1: Only one state is present in each firewall. From public IP on Site B to public IP on Site A. No evidence of any funny internal routing on either box or NAT’ing of the traffic.
2: Packet capture on WAN on both boxes shows 1448 byte sizes packets being sent with no fragmentation. One observation is that the 6100 ack’s each and every packet individually which I guess means TCP sliding window does not get to have very many outstanding packets?
Since I do have a 36ms turnaround time between the sites that obviously has a CONSIDERABLE cost in throughput… 1000ms/37ms = 27 packets of 1448 bytes = 39KB/s if the source had to wait out EVERY ack. Since I’m getting about 300KB/s (little less than 3 Mbit) throughput there must be a wee bit of sliding window in play, but slow enough that each packet is ACK’ed individually.
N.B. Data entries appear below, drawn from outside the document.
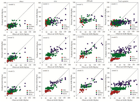 The fitting results of models 1–3 are summarized in Table 6 and Table 7. For the different vegetation types, the R2 and R2adj of model 2 and model 3 were larger than those of model 1, and the RMSE values were smaller than those of model 1. These results indicate that the performances of model 2 and model 3 were better than that of model 1. The R2adj of model 2 and model 3 for pine forest had the smallest increase compared with model 1; the value of R2adj increased by 0.16, and the RMSE values were smaller for model 2 and model 3 than for model 1. For the fir forest, model 2 and model 3 had the largest R2adj values, and compared with model 1, the values increased more than 0.39. For the mixed forest and total vegetation, the R2adj and RMSE values of model 2 and model 3 were better than those of model 1. These results show that model 2 and model 3, which were considered the crown density classes, had higher accuracies of AGB estimation than model 1.
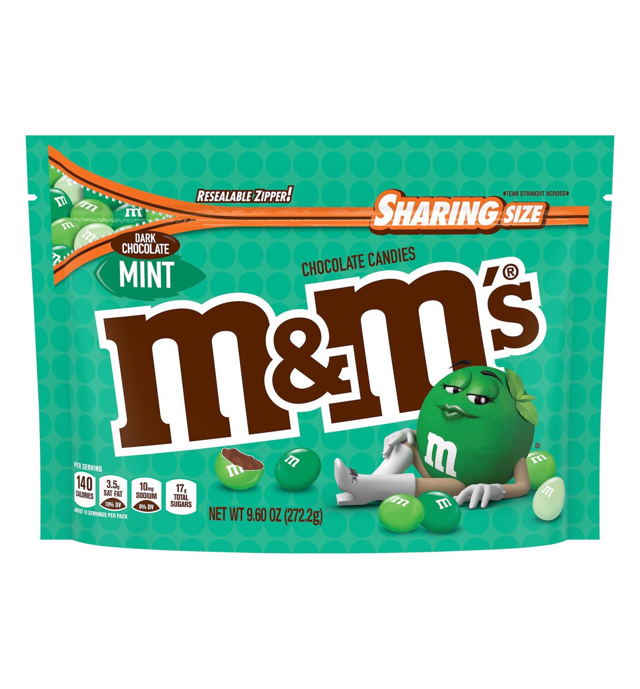 -Contains one 9.6-ounce sharing size bag of M&M'S Mint Dark Chocolate Candy-Made with real dark chocolate and mint flavor in green candy shells-These sharing-size candy bags make splitting Mint M&M's Chocolate fun and easy-Mix these tasty mint chocolate pieces into a milkshake for a refreshing chocolate treat-This convenient, resealable stand-up bag makes storage and sharing easy
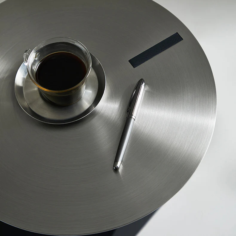 The brushed stainless steel tabletop features a simple and clear circular shape, exuding a strong modern feel. Its refined design not only enhances the aesthetics of your home but also serves as an essential piece of functional furniture, blending beauty and practicality to seamlessly fit into various living spaces.
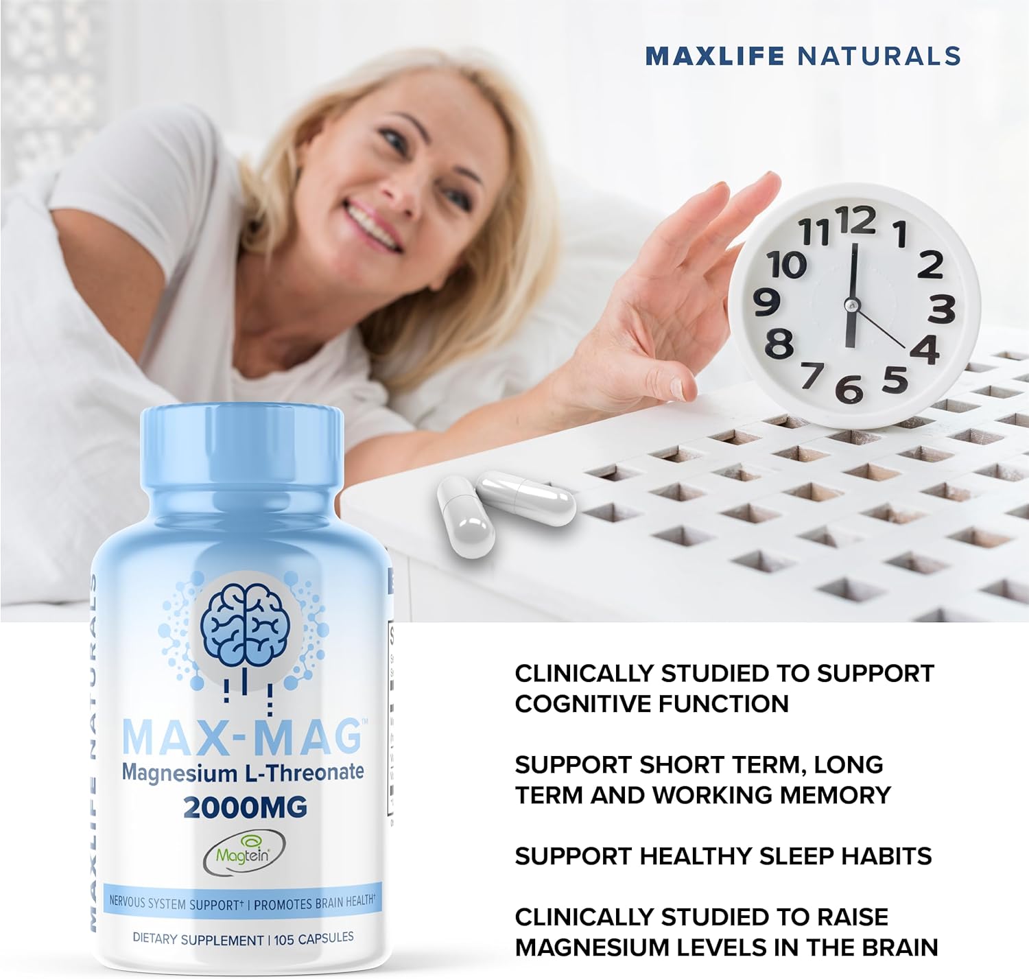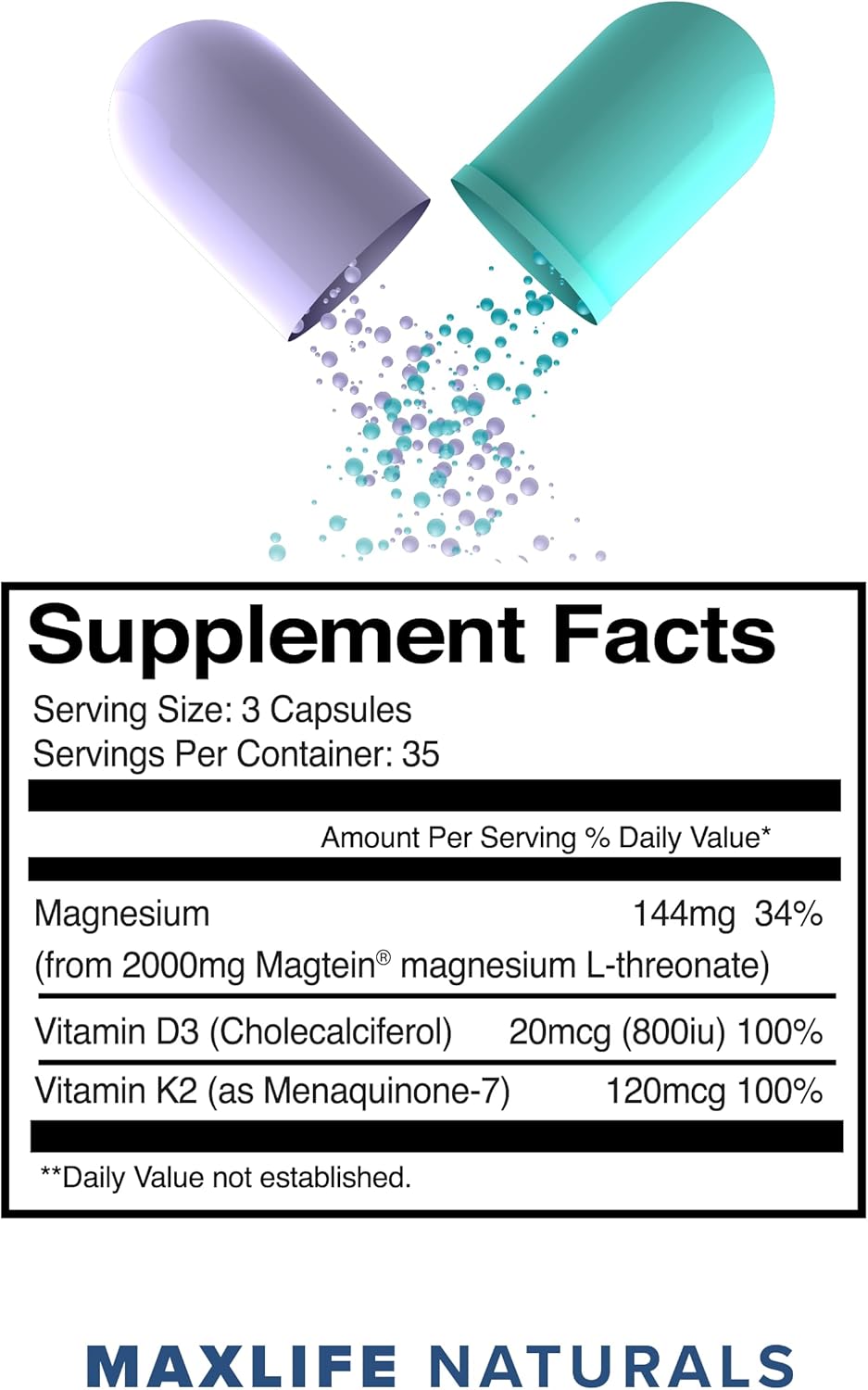 Max-Mag Magnesium L-Threonate 2000mg Magtein, Magnesium Threonate 105 Caps with Vitamin D3 and K2, High Absorption – Bioavailable Mag (35 Servings)

3: There is no CPU load to speak of on the 2100 when this is being done (less than 5% usage)Since clients connections through the tunnel can get full throughput (about 270 Mbit), I don’t think this has anything to do with ISP throttling…
Mystery: Why can Site A 6100 send to Site B 2100 with about 70 Mbit - that is about 1/4 of the bandwidth clients can reach, but almost 25 times more than the other direction? Is that because ACK’s from site B to A are being held back?
Any ideas to what could be at play here?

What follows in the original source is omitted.